■ Task instructions ■
When writing out the listing below, reproduce every word exactly and skip the pictures.

■ Data extract ■
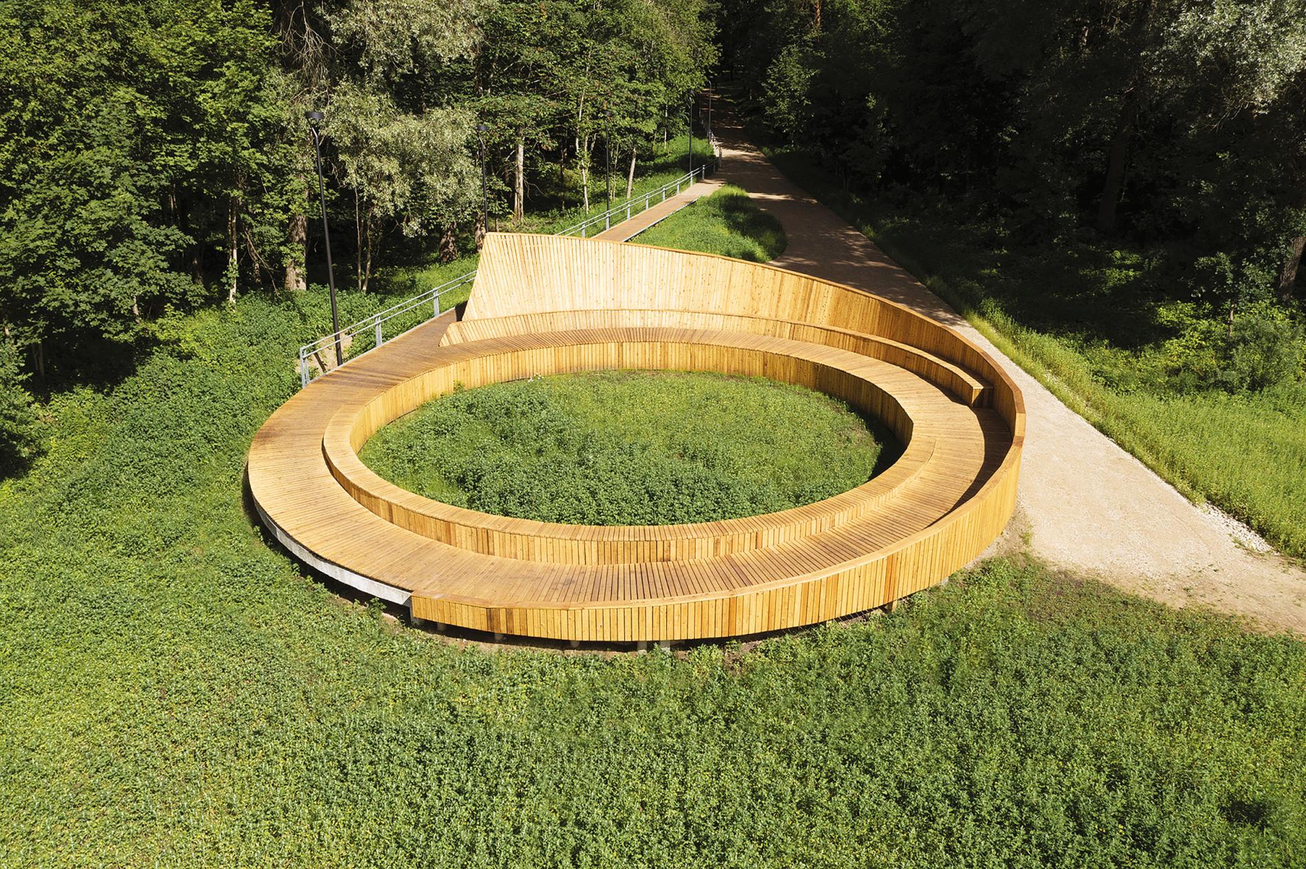 Pēdējos gados globālajā arhitektūras telpā aizvien pamanāmākas kļūst apļveida struktūras, kas pieļauj ainavas pilnasinīgu 360 grādu pieredzi. Šogad ainavu arhitektūras entuziastu uzmanību piesaistīja Eiropā pirmais veloceliņš, kas savu 700 metru garo loku 100 metru diametrā izvij cauri koku biezoknim - to pusstumbra augstumā ar pakāpenisku slīpuma maiņu (arhitektu birojs «Burolandschap», 2019). Savukārt apļveida struktūra 334 grādu interpretācijā realizēta 7,6 metrus augstas pastaigu takas formā virs Dienvidmorāvijas reģiona vīna dārziem («Keeo4design», 2018). Nesen arhitektūras entuziastu uzmanības lokā nonāca 45 metrus augsts spirālveida novērošanas tornis, kas pacēlās virs koku galotnēm stundas brauciena attālumā no Kopenhāgenas («EFFEKT», 2017), bet Dānijas pilsētas Orhūsas gleznainās piekrastes ainavā pirms neilga laika tika realizēta ievērojama skulptūra uz ūdens - «Bezgalīgais tilts» («Gjøde&Povlsgaard Arkitekter», 2015).
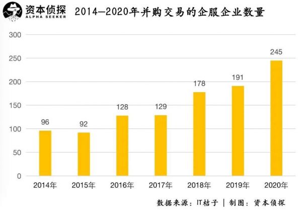 虽然获得融资的企业服务企业数量在减少,但另一方面,相关交易并购的企业数量却在逐渐增加:2015年、2018年和2020年,有过并购交易的企业服务企业数量分别为92家、178家和245家。
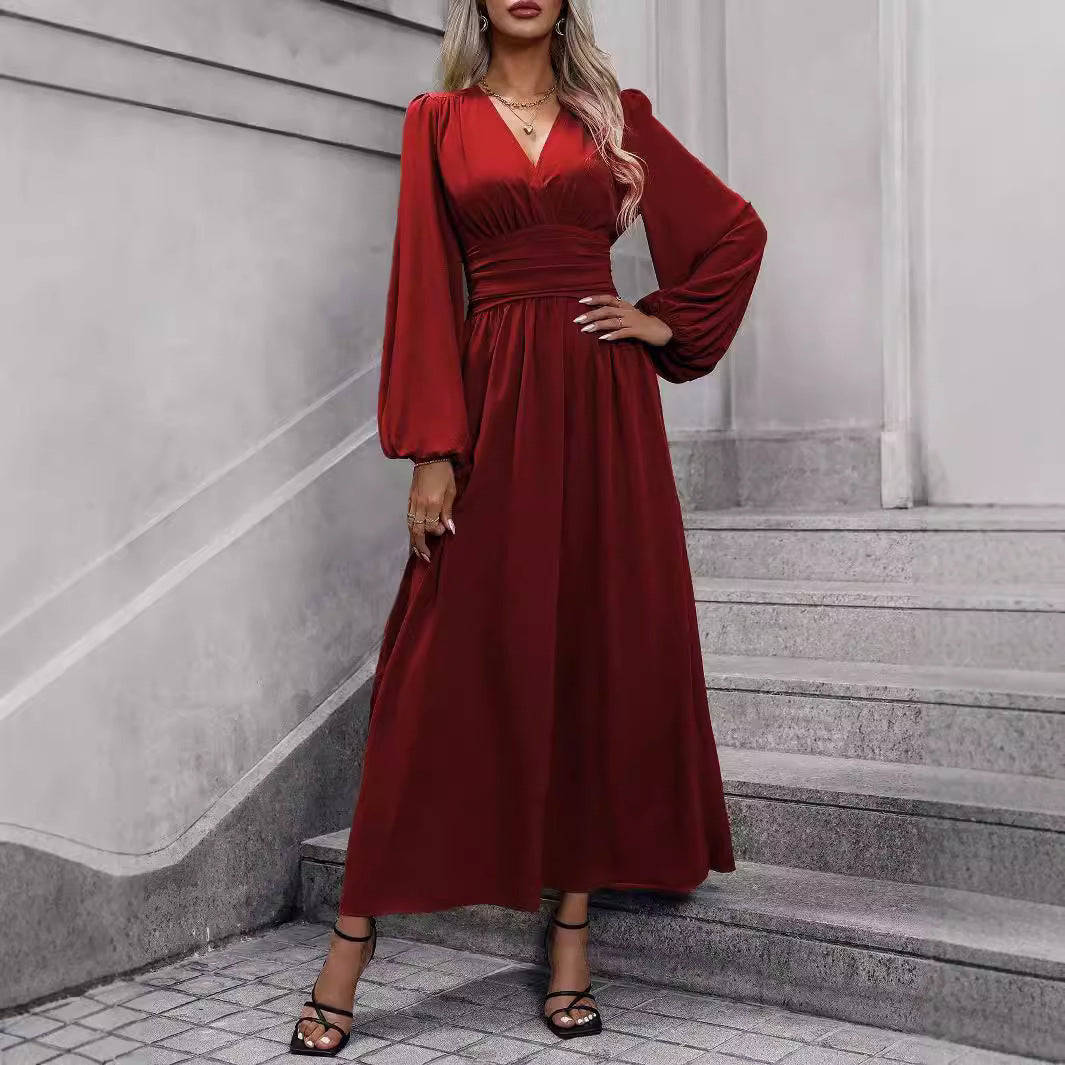Autumn and Winter New Women's Lantern Sleeves with High Split Ends Dress

■ Response ■
 Pēdējos gados globālajā arhitektūras telpā aizvien pamanāmākas kļūst apļveida struktūras, kas pieļauj ainavas pilnasinīgu 360 grādu pieredzi. Šogad ainavu arhitektūras entuziastu uzmanību piesaistīja Eiropā pirmais veloceliņš, kas savu 700 metru garo loku 100 metru diametrā izvij cauri koku biezoknim - to pusstumbra augstumā ar pakāpenisku slīpuma maiņu (arhitektu birojs «Burolandschap», 2019). Savukārt apļveida struktūra 334 grādu interpretācijā realizēta 7,6 metrus augstas pastaigu takas formā virs Dienvidmorāvijas reģiona vīna dārziem («Keeo4design», 2018). Nesen arhitektūras entuziastu uzmanības lokā nonāca 45 metrus augsts spirālveida novērošanas tornis, kas pacēlās virs koku galotnēm stundas brauciena attālumā no Kopenhāgenas («EFFEKT», 2017), bet Dānijas pilsētas Orhūsas gleznainās piekrastes ainavā pirms neilga laika tika realizēta ievērojama skulptūra uz ūdens - «Bezgalīgais tilts» («Gjøde&Povlsgaard Arkitekter», 2015).
 虽然获得融资的企业服务企业数量在减少,但另一方面,相关交易并购的企业数量却在逐渐增加:2015年、2018年和2020年,有过并购交易的企业服务企业数量分别为92家、178家和245家。
Autumn and Winter New Women's Lantern Sleeves with High Split Ends Dress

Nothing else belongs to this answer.